When you ask people why they bought something the often confidently answer. Indeed, knowing this is a fundamental part of market research – discovering why people buy your products and services helps you target them more appropriately in the future. However, in an intriguing study on the recall of buying intentions, researchers at the University of California have demonstrated that we often cannot remember why we bought something.

It turns out that people make things up…! And they frequently cite different reasons for buying or downloading something at different time intervals. Combined with other studies which show we use the context of the situation in which we are asked to recall something to shape what we say, this is another piece of research which shows you simply cannot rely on what your customers tell you.

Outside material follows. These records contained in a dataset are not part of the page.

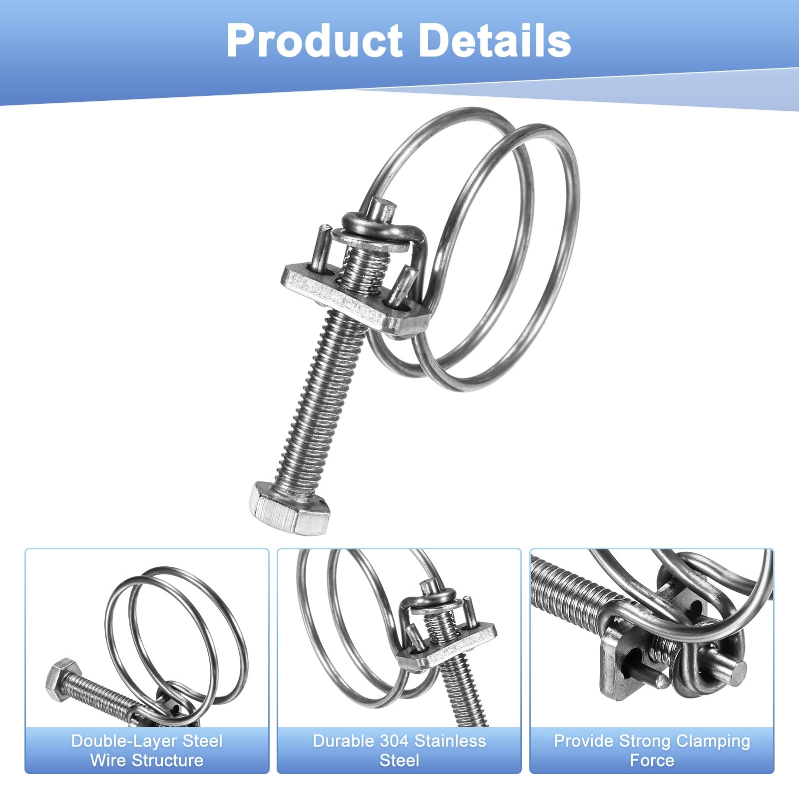 Double Wire Hose Clamp, Stainless Steel Hose Clips Pipe Tube Clamps with Bolt Adjustable for Dust Collection Hose - Silver
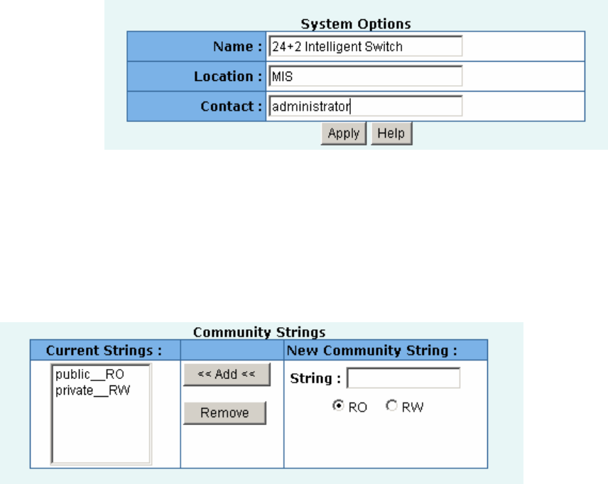 1. System Options: Use this page to define management stations as trap managers and to enter
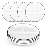 AUHUI Ceramic Divided Plates Set of 4Pcs, 8 Inch Portion Control Plate, Reusable Bariatric Plate for Adults, 3 Compartment Plates, White Dinner Plates for Balanced Meal, Microwave, Dishwasher Safe
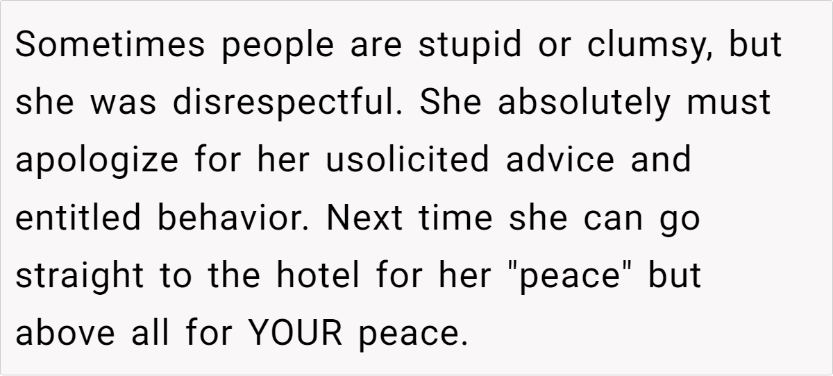 The OP’s reaction, though emotional, was a defense of her right to choose what’s best for her child without external interference. This episode serves as a reminder that while feedback can sometimes be helpful, it should always be offered respectfully and with an understanding of the complexities inherent in parenting.
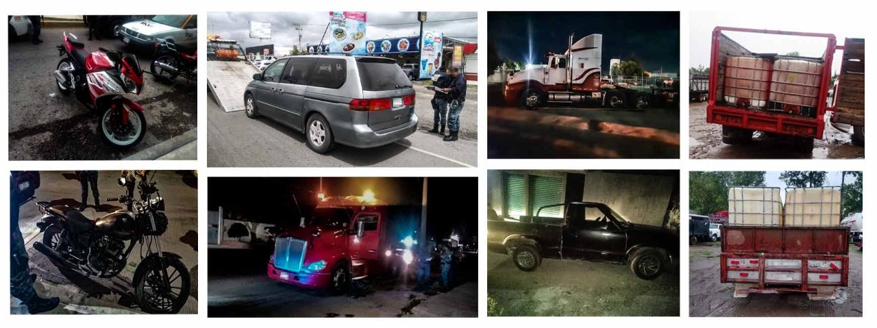 Esta mañana la Secretaría de Seguridad Pública de Hidalgo (SSPH) informó que, tras desplegar operativos en distintos puntos de la entidad, se llevó a cabo la recuperación de 6 vehículos con reporte de robo y dos más con hidrocarburos, los cuales fueron interceptados en capital hidalguense, así como en la comunidad de Chapatongo.
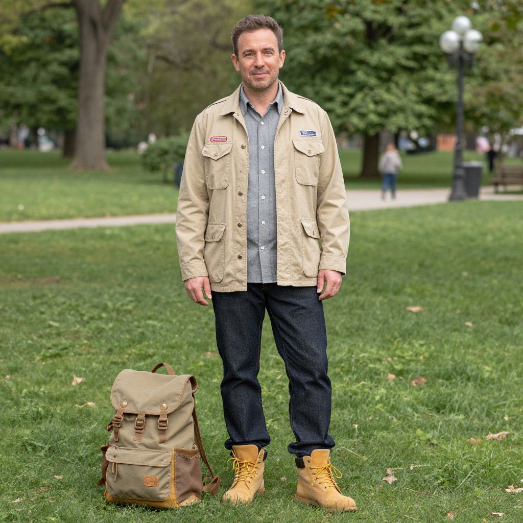 Photograph of a Caucasian man with short brown hair and a beard, standing on a grassy park path. He wears a beige outdoor jacket with patches on the chest, a blue button-down shirt, dark blue jeans, and yellow work boots. Beside him is a beige backpack with brown leather straps and buckles. The background features green trees, a blurred lamp post, and a few distant park-goers. The image has a slightly enhanced, almost CGI-like quality.
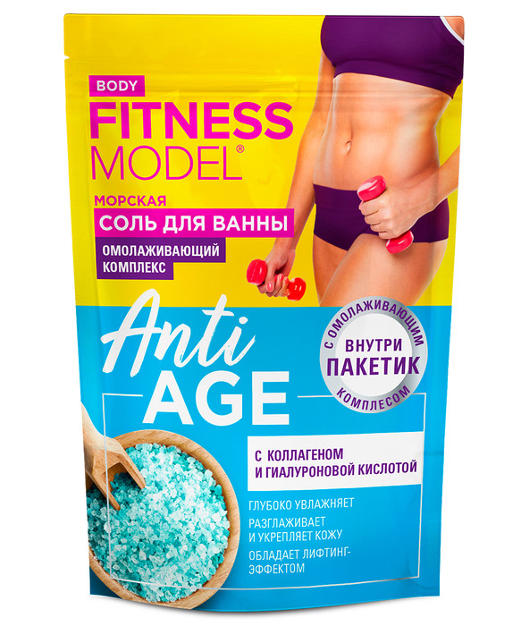 Соль для ванны морская Anti-age FITNESS MODEL body 500г+30
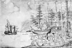 On September 19, Gray located a narrow cove suitable for wintering the Columbia, and building a sloop.[2] Two days later, construction of their winter quarters began. Completed by September 30, the main building measured 11.0 metres (36 ft) long by 5.5 metres (18 ft) wide and was two storeys tall.[3] Using 5,470 bricks from Boston, they built a large brick fireplace[4] and a forge.[5] The main building had two cannons mounted and musket loop holes for defending against possible attack.[6] Other structures included a blacksmith shop, two sawpits for cutting logs, cabins, and a boatbuilding shed.[4][7] On completion, four cannons, 40 muskets, and various other weapons on the Columbia were transferred ashore. Robert Haswell assumed charge of the base and ten men.[8]

The problem is not that they are lying – the difficulty this research reveals is that they think they are telling the truth. Yet the “truth” they are telling changes from one occasion to the next…!

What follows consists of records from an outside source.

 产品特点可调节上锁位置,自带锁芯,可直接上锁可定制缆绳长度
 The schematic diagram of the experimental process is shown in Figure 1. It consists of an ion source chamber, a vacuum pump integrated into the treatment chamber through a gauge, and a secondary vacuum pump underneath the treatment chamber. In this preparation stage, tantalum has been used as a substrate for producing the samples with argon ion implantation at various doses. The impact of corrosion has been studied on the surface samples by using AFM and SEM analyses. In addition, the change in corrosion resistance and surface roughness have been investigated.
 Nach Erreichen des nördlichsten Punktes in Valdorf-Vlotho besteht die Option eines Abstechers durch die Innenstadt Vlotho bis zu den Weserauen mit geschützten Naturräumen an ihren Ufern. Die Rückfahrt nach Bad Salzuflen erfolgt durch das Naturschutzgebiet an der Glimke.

So, you may well conduct research on your website to find out why customers buy particular items from you, but what this research suggests is that you should take that information with a large pinch of salt. What you need is other data to help you analyse the information – such as metrics on the speed of purchase, or the revisit frequency before something is bought. Such data can give you an insight into actual behaviour, rather than perceived behaviour.

Your customers can give you useful information to help you sell more online – the problem is sorting out the real truth from the perceived truth.

What your customers tell you should only be part of your market research – you need to combine it with independent data to get a much more accurate picture.